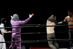 そこに新たな謎覆面が2人も(右写真)。まさかの2人。
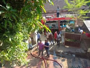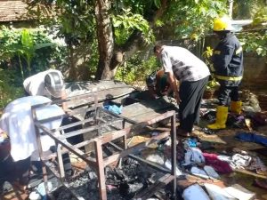 விளக்கில் தவறுதலாக பெட்ரோலை ஊற்றியதால் பற்றி எரிந்த வீடு
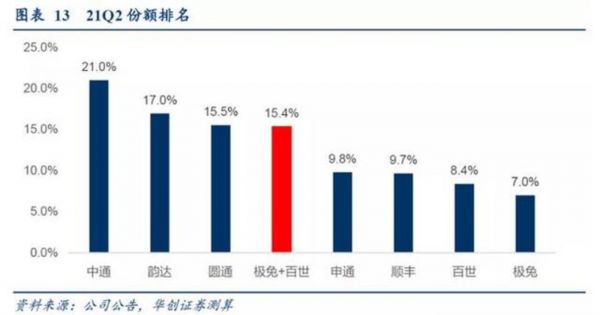 不过在行业大局已定的背景下,极兔却异军突起,收获了可观的市场份额。华创证券披露的数据显示,以2021年Q2份额计算,整合百世快递后,极兔的市场份额高达15.4%,仅比圆通低0.1%,位居中国第四。
********************
_Goal of the exercise_
Your copy should match the data exactly, apart from the images, which are dropped.

_Output for this exercise_
 そこに新たな謎覆面が2人も(右写真)。まさかの2人。
 விளக்கில் தவறுதலாக பெட்ரோலை ஊற்றியதால் பற்றி எரிந்த வீடு
 不过在行业大局已定的背景下,极兔却异军突起,收获了可观的市场份额。华创证券披露的数据显示,以2021年Q2份额计算,整合百世快递后,极兔的市场份额高达15.4%,仅比圆通低0.1%,位居中国第四。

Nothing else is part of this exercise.